I took a break from the daily post last week, and it’s good to be back! Last week we visited Dover Castle. If you haven’t been, I highly recommend it. On one site you can see a Roman lighthouse, a Saxon church, a 12th century castle, tunnels built during the Napoleonic Wars, a WW1 dressing station (in a tunnel) and the tunnels where Operation Dynamo (the WW2 evacuation from Dunkirk) was planned and overseen. On one site!
Before Dover, my daughter was ill and it feels like this week we are finally returning to normal life. Here’s what that looked like today.
My daughter finished reading Florence Nightingale and my son read more Viking myths in bed this morning. They were both keen to tell me about their books so I seized the opportunity to create a reading record, writing down my son’s narration for him. I was inspired in this by Susan Wise-Bauer’s book The Well-Trained Mind. But the book doesn’t explain what to do when a child takes great exception to the mere suggestion of a reading record, so at the moment my daughter doesn’t have one.
My daughter wrote a quick thank-you note on a postcard.
My son made a ramp to race his cars down, and by happy coincidence my daughter and I were working on an experiment from her Curiosity Box which also involved ramps. The experiment involved rolling coins down a ramp and seeing which coins were ‘trapped’ by a magnet. We had to adjust the angle of the slope so the coins rolled slowly enough for the magnet to catch them. We counted money and identified which metal used in the coins was magnetic. Then she counted up all her pocket money and I showed her how to group it into pounds so she didn’t have to hold the running total in her head.
While we finished this my son took down our map of Europe jigsaw puzzle and completed it a few times.
We watched this video explaining the flow of sediment in the Irrawaddy River, and then found Myanmar on the world map (and the river too!). The children noticed that New Zealand appears on the world map twice, so we discussed the challenges of making a 3D sphere into a 2D rectangular map.
We stuck various new labels onto our timeline, largely connected to Dover Castle. The section from 1700 onwards is rather crowded, and the timeline starts at 1AD which frustrates the children when they want to add something earlier, and so we hit on the idea of each child having a ring binder folder that they can add whatever they want to.
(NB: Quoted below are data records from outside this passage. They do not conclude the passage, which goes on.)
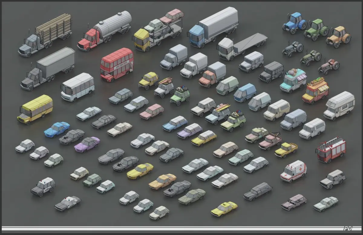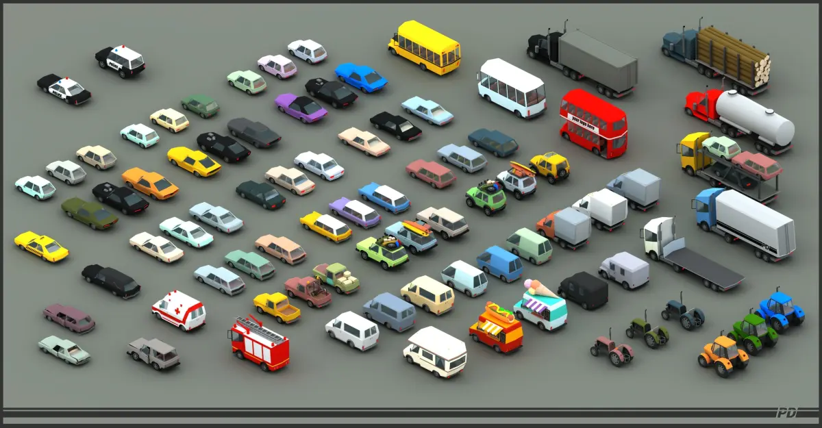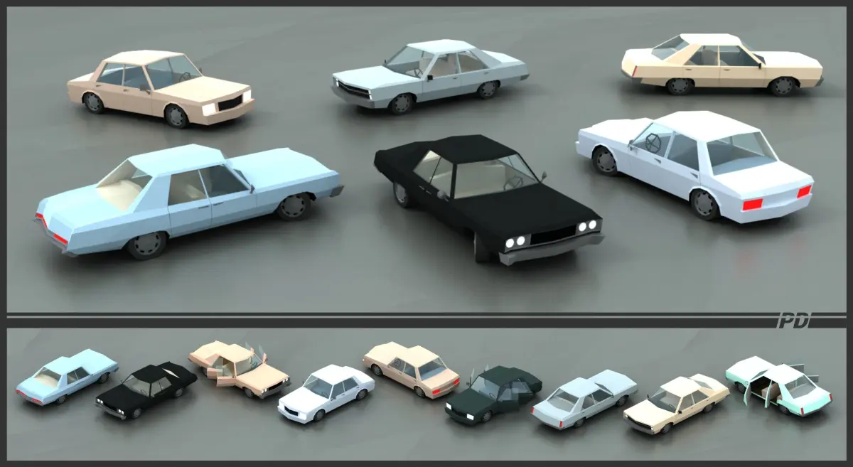 This pack contains 53 different cars and 89 different color variations.Simple interior, separate wheels, separate door. There is a separate material for the body color, so you can easily change it.All models share the same material and texture, atlas, for optimum performance on mobile devices.1024x1024 texture maps - diffuse, roughness, metallic, emissionIncluded formats: 3ds, OBJ and FBX
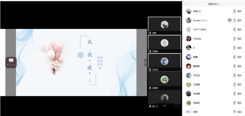 全体同学的一封信》的号召,于3月7日通过腾讯会议组织开展了“抗击疫情,共克时艰”第一次主题团日活动。赵方同学倡议同学们积极学习抗击疫情的先进事迹,发挥好团员先锋作用,为抗击疫情防控工作奉献自己的青春力量。
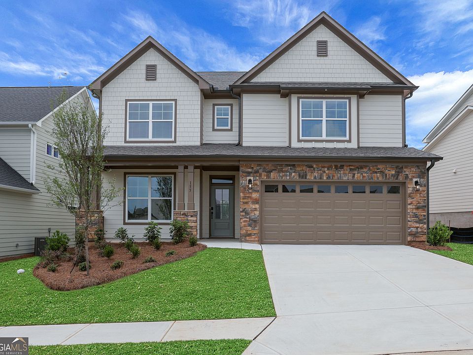 Move-in ready, this Davidson floor plan by Eastwood Homes offers five bedrooms and three full baths, thoughtfully designed for both style and function in the sought-after Twin Lakes community. The main level includes a guest suite with a walk-in shower and seat, perfect for visitors. The gourmet kitchen showcases white cabinets, quartz countertops, a shiplap hood vent, and a 5-burner gas cooktop, and connects seamlessly to the formal dining room through a butler's pantry. A bright sunroom extends off the breakfast area and overlooks the green backyard, while the open-concept living room features a floor-to-ceiling stone fireplace as its focal point. Upstairs, the primary suite features a coffered ceiling, a spa-like bath with a large shower and seat, and a walk-in closet with direct access to the laundry room. A spacious loft anchors the upper level, surrounded by large secondary bedrooms with plenty of natural light. Exterior highlights include architectural shingles, HardiePlank siding, and stone accents for timeless curb appeal. At Twin Lakes, residents enjoy lakes, a pool, clubhouse, fitness center, dog park, and more-all just minutes from shopping, dining, and I-85. Receive $6,000 towards Closing Costs with Builders Lender, Sabal Mortgage.

They were so keen on this that we went straight to the shops, bought the folders, came home and started filling in pages. Each child chose to start with the Big Bang and then added various eclectic events of their choosing. I scribed for my son and my daughter did her own.
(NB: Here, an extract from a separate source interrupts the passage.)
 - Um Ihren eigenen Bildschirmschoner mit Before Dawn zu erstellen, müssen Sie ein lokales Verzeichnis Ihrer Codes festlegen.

At lunch I read another of the French books from our One Third Stories subscription.
My daughter completed the first section of her new handwriting workbook, which I am hoping to introduce as a daily habit.
We did a cherry taste comparison, comparing two types of cherry from the market with the cherries on the tree in our garden. We each had a chart which we filled in with marks out of ten. This involved much staining of fingers (and clothes…), juicy chins, and delight. I highly recommend it.
My daughter then chose to sew a cherry bag and was thrilled to find that two rows of running stitch could produce a serviceable envelope-style pouch. Followed by picking more cherries in the garden while thunder cracked all around us. I explained that thunder is the sound of air being heated very fast by a lightning bolt. (The cherries aren’t really ripe, the cherry tree is one cultivated for blossom not tasty fruit, and we live in a busy city with busy city air. None of these things matter to the children as they gorge on cherries straight from the tree. Also here is a cherry poem I love, The Woman Who Turned Down a Date with a Cherry Farmer.)
At tea we talked some more about iron (the metal in some coins which makes them magnetic) using this book and these infographics. I also started reading Roman Britain (inspired by the Roman lighthouse at Dover, and with plans to attempt a slow but chronological study of British history).
Bedtime stories: Gobbolino the Witch’s Cat, The Thieves of Ostia, and Illustrated Norse Myths
Hi, thank you for recording your home ed days and sharing them with us. Much appreciated. I have a question about your son. You mention he is only 5 and does indenpendent reading learning about history (Vikings). Could be please share about how he (you as a family) got to that place? Did he read out loud for you initially? And if so, what did the transition to independent reading look like?